▶ _YOUR INSTRUCTIONS_
The result should be the listing below restated word for word, with images left out.

▶ _SUPPLIED DATA_
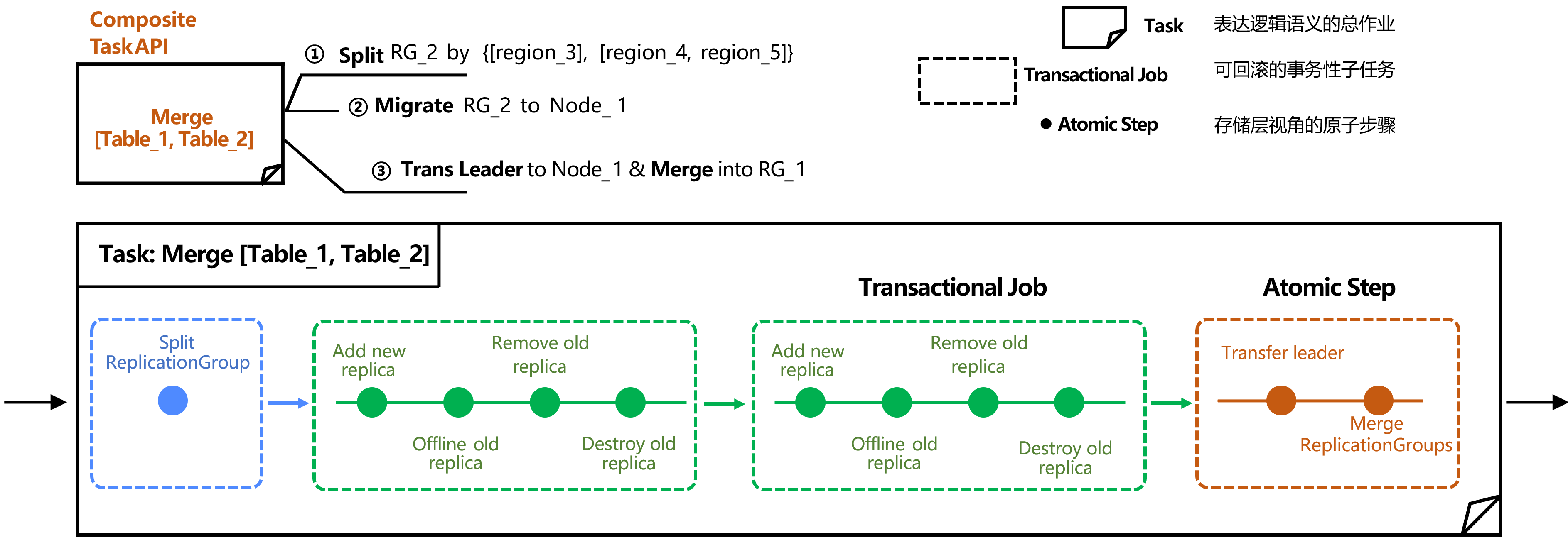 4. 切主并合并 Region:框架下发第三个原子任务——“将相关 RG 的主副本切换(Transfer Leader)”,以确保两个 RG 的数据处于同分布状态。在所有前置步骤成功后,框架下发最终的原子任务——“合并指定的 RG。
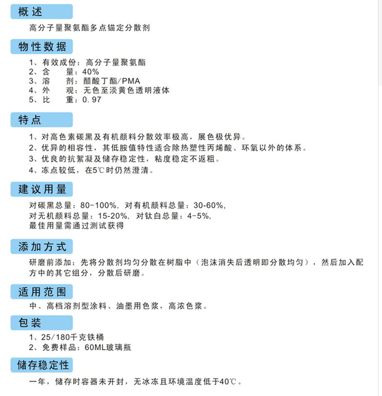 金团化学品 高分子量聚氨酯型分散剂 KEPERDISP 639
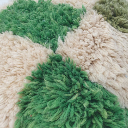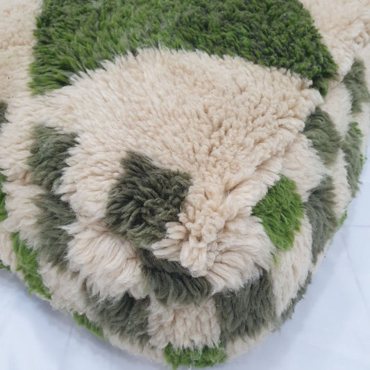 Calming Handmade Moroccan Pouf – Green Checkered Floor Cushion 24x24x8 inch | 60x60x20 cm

▶ _THE ANSWER_
 4. 切主并合并 Region:框架下发第三个原子任务——“将相关 RG 的主副本切换(Transfer Leader)”,以确保两个 RG 的数据处于同分布状态。在所有前置步骤成功后,框架下发最终的原子任务——“合并指定的 RG。
 金团化学品 高分子量聚氨酯型分散剂 KEPERDISP 639
 Calming Handmade Moroccan Pouf – Green Checkered Floor Cushion 24x24x8 inch | 60x60x20 cm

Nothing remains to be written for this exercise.